Yes, I've mostly been avoiding emulation except in a few edge case that would require heavier patching. The issue in R packages is that the R build process can sometimes involve loading the built library (e.g., to render help). In such cases I'll emulate.

h-vetinari commented 3 weeks ago

Seeing aarch builds fail as well now: https://github.com/conda-forge/povray-feedstock/pull/19

jaimergp commented 3 weeks ago

Should we edit the title and issue description to reflect this new information?

mfansler commented 2 weeks ago

@jaimergp there are still other linux-aarch64 jobs passing - I'm not convinced that wasn't a sporadic failure. But if non-R feedstocks are seeing consistent failures, the issue description could be generalized.

mfansler commented 2 weeks ago

Travis CI reports to have resolved the issue and I have confirmed with several jobs that linux-ppc64le runs are indeed running normally again.

jaimergp commented 2 weeks ago

Sounds like we can close this soon, then?

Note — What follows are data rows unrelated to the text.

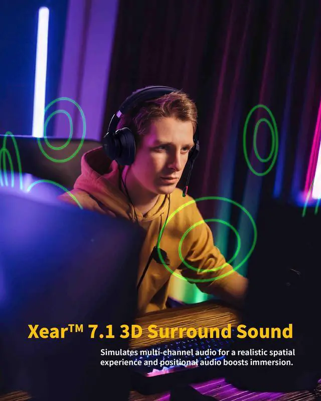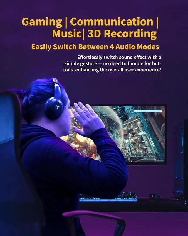 Control with AI GesturesEquipped with mmWave AI technology, this headset enables seamless mode switching through simple hand gesturesjust pat or wave. No buttons, no distractionsjust total immersion ^^ Immersive 7.1 Surround and Sonic EnhancementXear 7.1 Surround Sound and compressed audio restoration technology deliver crystal-clear, spatial audio. Whether gaming, listening to music, or watching a movie, enjoy rich, lifelike sound ^^ Studio-Grade Microphone with Noise CancellationFeatures dual MEMS microphones with advanced ENC HD technology for clear, multidimensional sound capture. Ideal for livestreaming, meetings, or team play with zero background noise interference.
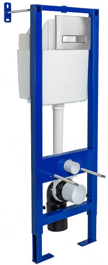 Узкая рама шириной 41 см.Металлический каркас, окрашенный антикоррозийной эмалью.Расчетная нагрузка 400кг. Объём резервуара воды 10 л с тепло- и шумоизоляцией.Подвод воды внутрь резервуара (G1/2 наружная).Объем смыва 3/6 литра с возможностью регулировки.Управление механическое, две кнопки.Межосевое расстояние под шпильки для подвеса унитаза 18 и 23 см. Полный комплект для установки включает в себяшумоизоляционную прокладку и лекало для монтажных отверстий.
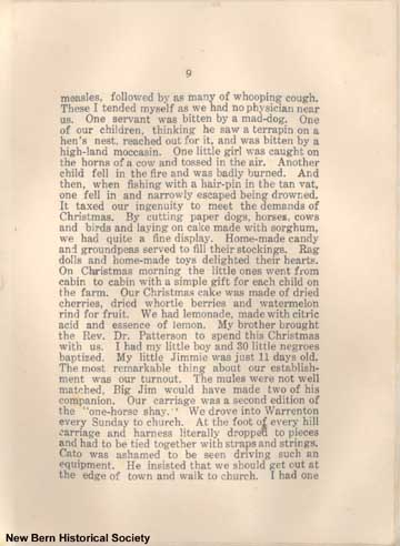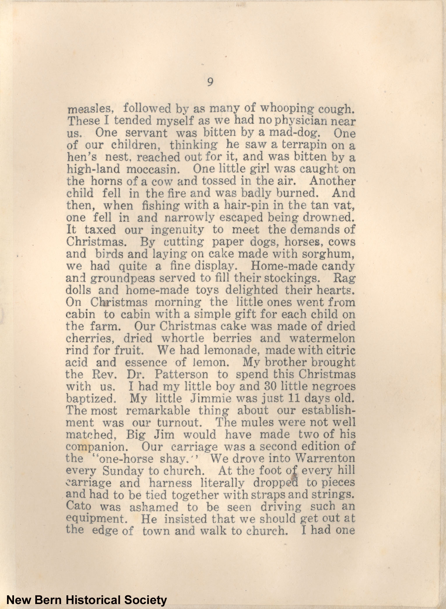 9 measles, followed by as many of whooping cough. These I tended myself as we had no physician near us. One servant was bitten by a mad-dog. One of our children, thinking he saw a terrapin on a hen's nest, reached out for it, and was bitten by a high-land moccasin. One little girl was caught on the horns of a cow and tossed in the air. Another child fell in the fire and was badly burned. And then, when fishing with a hair-pin in the tan vat, one fell in and narrowly escaped being drowned. It taxed our ingenuity to meet the demands of Christmas. By cutting paper dogs, horses, cows and birds and laying on cake made with sorghum, we had quite a fine display. Home-made candy and groundpeas served to fill their stockings. Rag dolls and home-made toys delighted their hearts. On Christmas morning the little ones went from cabin to cabin with a simple gift for each child on the farm. Our Christmas cake was made of dried cherries, dried whortle berries and watermelon rind for fruit. We had lemonade, made with citric acid and essence of lemon. My brother brought the Rev. Dr. Patterson to spend this Christmas with us. I had my little boy and 30 little negroes baptized. My little Jimmie was just 11 days old. The most remarkable thing about our establishment was our turnout. The mules were not well matched, Big Jim would have made two of his companion. Our carriage was a second edition of the “one-horse shay.” We drove into Warrenton every Sunday to church. At the foot of every hill carriage and harness literally dropped to pieces and had to be tied together with straps and strings. Cato was ashamed to be seen driving such an equipment. He insisted that we should get out at the edge of town and walk to church. I had one
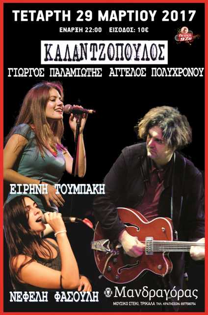 Ο Παναγιώτης Καλαντζόπουλος από τα 90’s έως σήμερα, έγραψε μερικά από τα πιο μεστά κομμάτια της εποχής μας: «Με τα Μάτια Κλειστά», «Λευκό μου Γιασεμί», “Summertime in Prague”…H Eιρήνη Τουμπάκη φωνή θερμή και λαϊκή, η Νεφέλη Φασούλη φωνή, γοητευτική και διάφανη τραγουδάνε «Το Τέλειο Έγκλημα», «Τώρα πιά είν’ αργά» «Τ’ αρσενικό», «Aγαπάτε Απατάτε» «He Loves me Loves me Not»…Σε αυτό το σχήμα, ο Παναγιώτης Καλαντζόπουλος Γιωργος Παλαμιώτης στο μπάσο, και ο Αγγελος Πολυχρόνου στα κρουστά παρουσιάζουν καινούργια τραγούδια και ορχηστρικά μερικά από τα οποία έχουν γραφτεί πάνω σε μονόστηλα εφημερίδων Τραγωδίες τραγούδια – Δράματα για Κλάμματα.
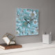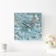 Carrée Horloge turquoise blanche florale
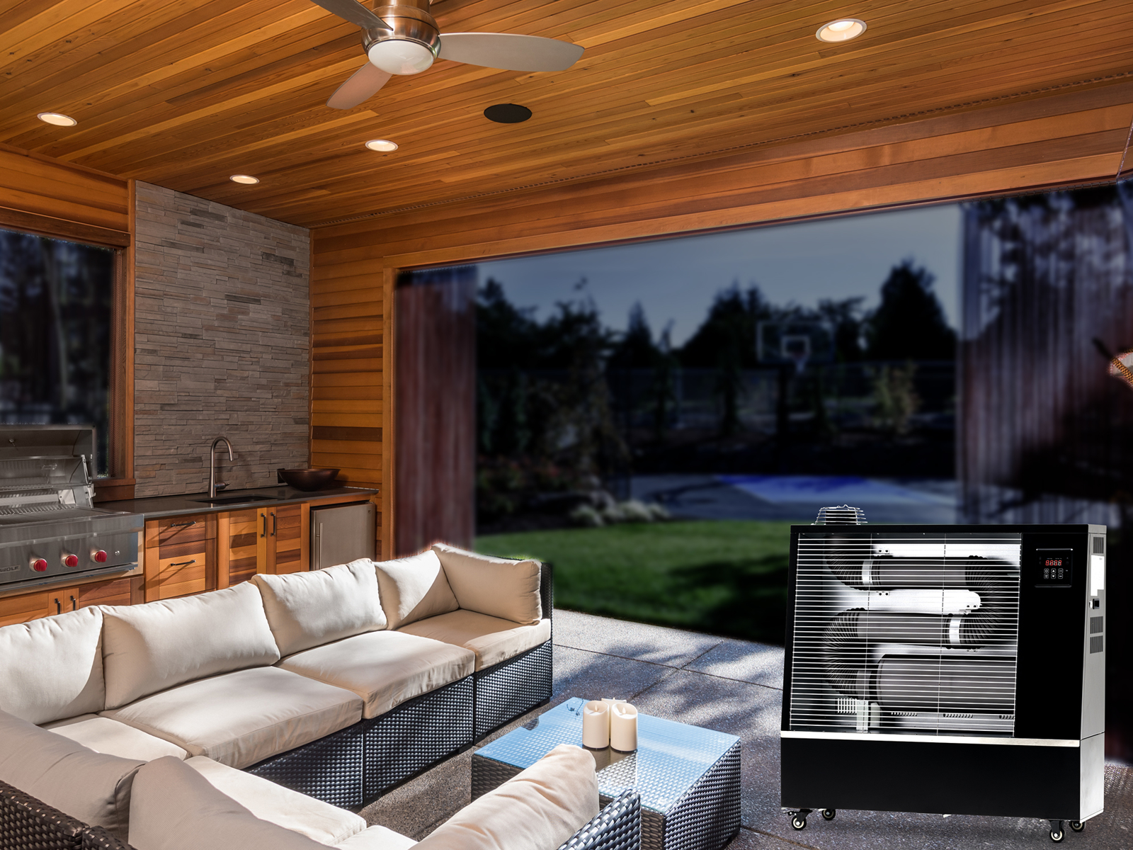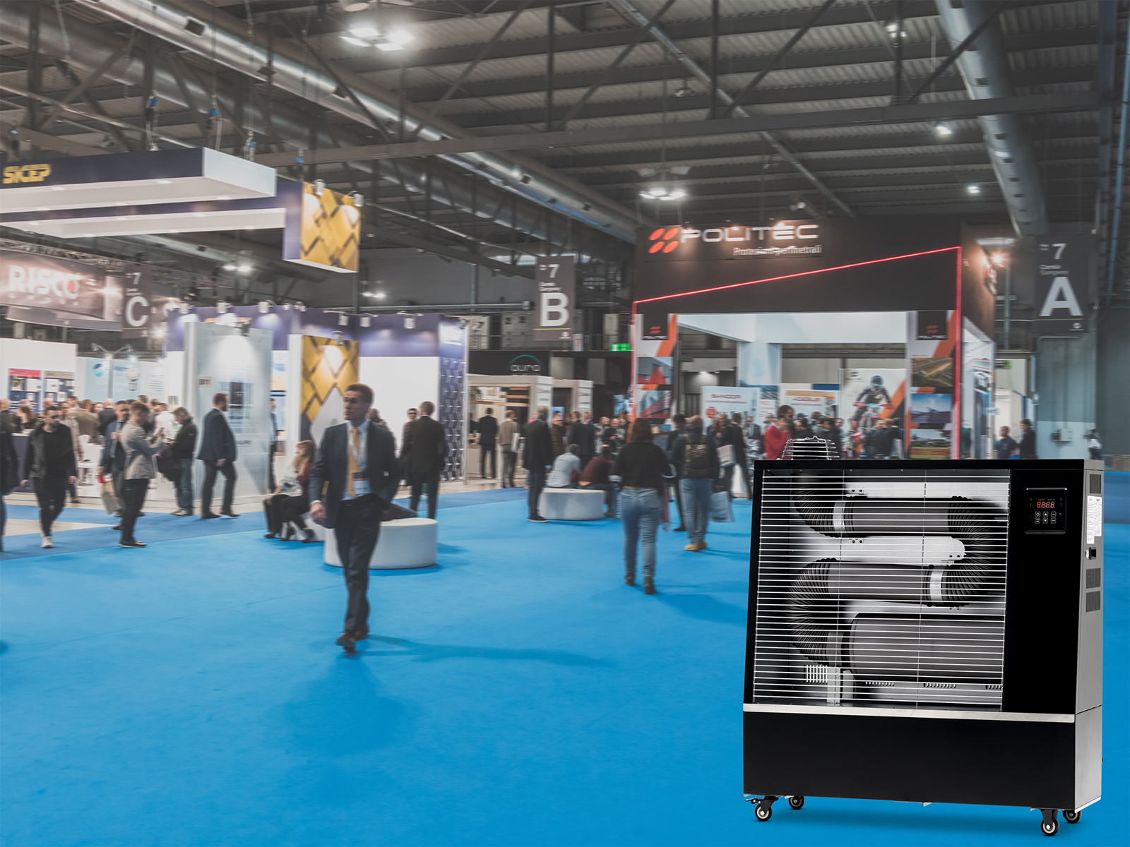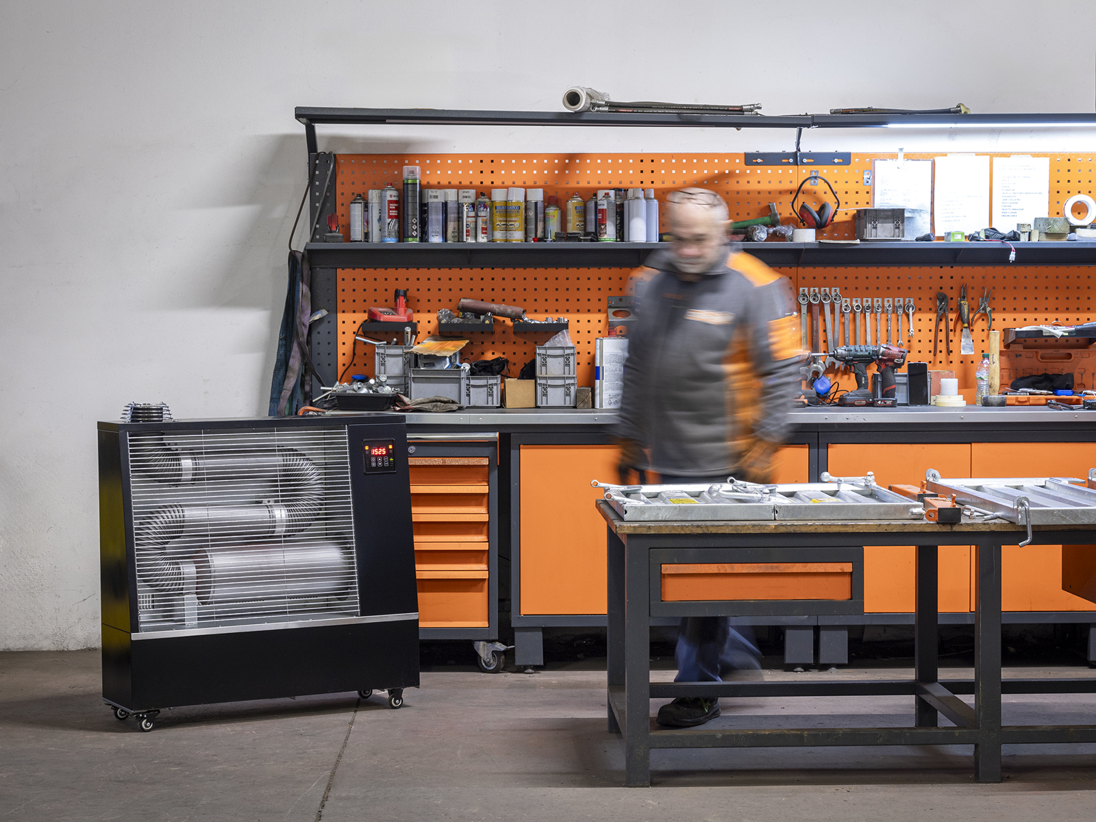 Innovative heating system for ventilated closed spaces (mechanical workshops, commercial, industrial, agricultural areas, warehouses, gyms) and outdoors such as greenhouses, terraces, construction sites...

Let's keep it open for a few more hours just in case, but will close by EOD if we can confirm it's working.

jaimergp commented 2 weeks ago

Checked https://app.travis-ci.com/github/conda-forge and there are several feedstocks with passing builds for both PPC and ARM from few hours ago (e.g. https://app.travis-ci.com/github/conda-forge/databricks-cli-feedstock/builds/272058545?serverType=git). I'll close. Thanks for keeping an eye on this @mfansler!

jakirkham commented 2 weeks ago

Glad this is improving! 🥳

That said, did just see a new instance of this

So doesn't seem like this is fully resolved yet

h-vetinari commented 2 weeks ago

Looking at the travis dashboard, this still seems to be happening to ~50% of PPC jobs (which just get cancelled).

h-vetinari commented 2 weeks ago

At least that aspect can be cured by restarting the job though.

mfansler commented 2 weeks ago

Yeah, looks like it's back to the previous baseline with something like 10%-25% sporadic failure.